Parishioners can help identify the elders who need help and then put innovative block nurse programs together.
“You set up a situation where you commit to people — for the remainder
of their life — a certain base level of services in the home that
radiates off a campus approach,” Thompson explained. A life-care
manager on campus would oversee the home care.
“We have been doing this everywhere else,” said Thompson of some 40
facilities in seven states that make up Benedictine Health System.
One of the greatest challenges with Catholic long-term care nationwide
is that the communities of women religious that sponsor the facilities
are shrinking, he said. About 400 of the 800 Catholic long-term care
facilities in the United States are free-standing — not connected to a
hospital, he noted.
Medicare reimbursements are stagnant or shrinking, health care costs
are rising, and buildings need to be updated, Thompson said.
“We are reaching a tipping point,” he said. “If we looked at the last
15 years of what happened with Catholic hospitals coming together and
consolidating their sponsorship, the same thing needs to happen with
Catholic long-term care or there isn’t going to be any Catholic
long-term care going forward.”
He said the BHS vision statement is about creating Benedictine living
communities “where health, independence and choice come to life.”
Townhome-style option
Another new effort that BHS plans to have in place in 2010 is a
townhome-style building that would provide private living
accommodations for up to 10 people. Each person would have his or her
own bedroom, bath and suite, with some common areas that would not be
readily accessible to the public.
“Soon, we’ll be able to offer an array of other services, where people
will be able to stay at home as long as they can, as long it doesn’t
result in isolation, poor quality-of-life or poor care,” he said.

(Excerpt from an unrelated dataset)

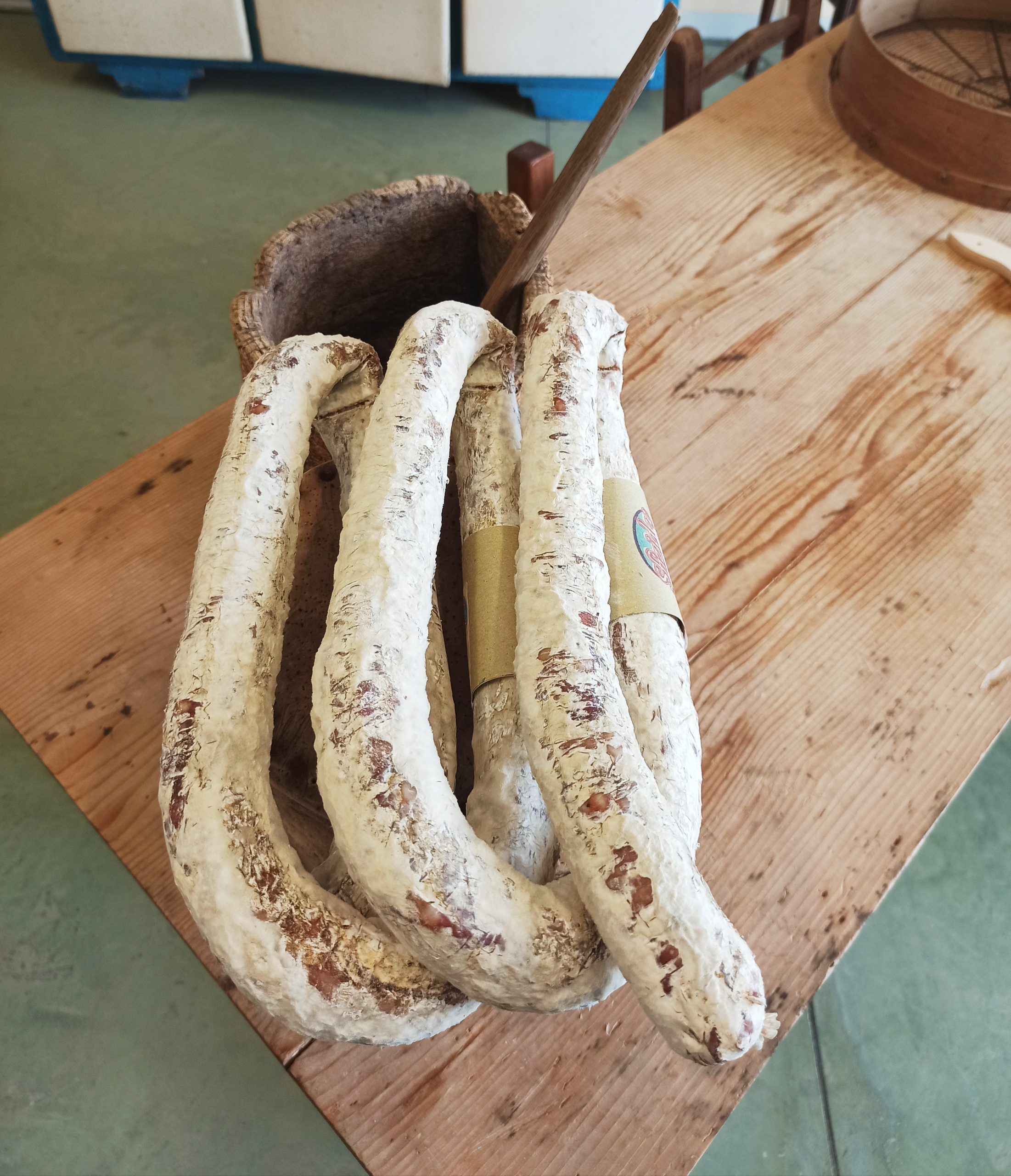 Il Torcigliotto è un nostro prodotto tradizionale, salame di grana medio-fine, gusto dolce e dalla tipica forma a serpente.

Sister Lois Eckes, prioress of the Benedictine Sisters of St.
Scholastica Monastery in Duluth, said that since BHS was created in
1985, it has “beautifully” carried on the Benedictine values of
hospitality, stewardship, respect and justice.
Its mission continues to bring the healing love and compassion of
Christ to everyone, especially those who are underserved, she added.
Sister Grace Marie Braun, who was instrumental in helping create BHS
when she was serving as prioress in the 1980s, said, “The rule of St.
Benedict speaks of the care of the sick and St. Benedict tells us that
care must rank above all.”
And, she added, the sisters continue to be closely involved, serving on
the BHS board and member institution boards, providing new employee
orientation at the monastery and daily prayer for all involved in
ministry to the sick and elderly.
Personal experience
Gary Robinson, a member of Guardian Angels in Oakdale, said his family
has been on the receiving end of that care and prayer at the Marian
Center, a BHS facility in St. Paul. His father, Edgar Robinson, lived
at the home for about two and a half months before his death in May
2007. He was 94.
“One of the nice things is they have Mass six days a week at the Marian
Center,” Robinson said. And the day that Edgar died, the priest who
celebrated Mass went up to his room and gave him the sacrament of
anointing.
“That’s a very comforting thought, and that’s one of the things I like
about being Catholic, with the Marian Center, that you always have that
available,” he said.
About the same time, Robinson and his brother, Charles, also helped his
mother, Clementine, now 98, move into an assisted-living apartment at
Marian Center. After a fall last year, she needed more care and moved
into the facility.
“My brother and me, we are there almost every day,” said Robinson, who
said they each will get Clementine from her room and take her to
daily Mass.
“It’s important to me and it’s important to my mother,” he said. “The
fact that it has that Catholic environment is very nice.”